OH, I wish I hadn't of bred this amazing mare. Why didn't I talk to you first, and went with the regumate this show season? I am going to be SO paranoid to work her... at all! Thanks For the advice, & knowledge.
 

Audrey Crosby McLellan
Weanling
Username: Accphotography

Post Number: 23
Registered: 10-2007
Posted on Sunday, May 16, 2010 - 12:49 am:   Edit Post Delete Post    Move Post (Moderator/Admin Only)
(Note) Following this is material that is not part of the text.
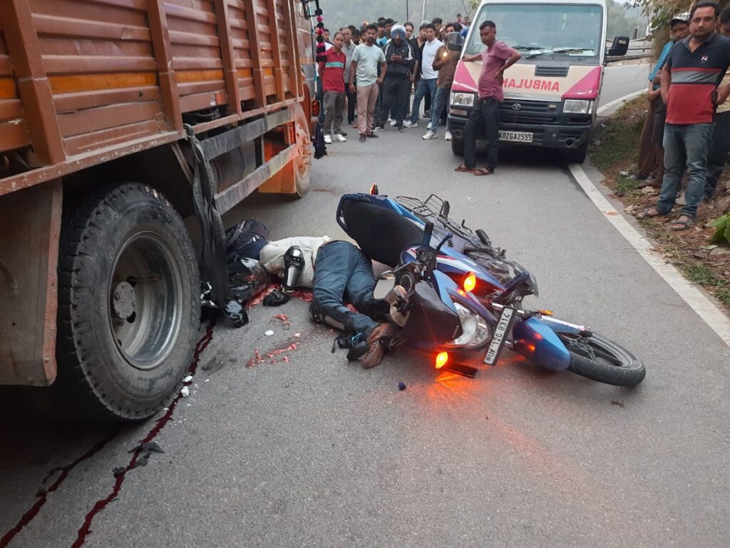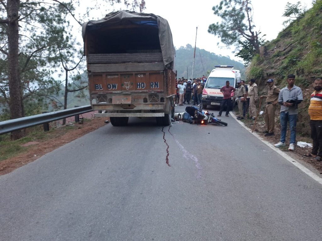 बुरांश होटल के पास उनकी बाइक पीछे से ट्रक (UK13-CA-0678) से टकरा गई।

Thanks a bunch Jos! I'm still wondering if delayed implantation can happen or if that invasion will always occur at the 40-45 day mark?
 

Jos
Board Administrator
Username: Admin

Post Number: 2856
Registered: 10-1999
Posted on Sunday, May 16, 2010 - 09:46 am:   Edit Post Delete Post    Move Post (Moderator/Admin Only)

To the best of my knowledge, delayed implantation has not been identified in the equine.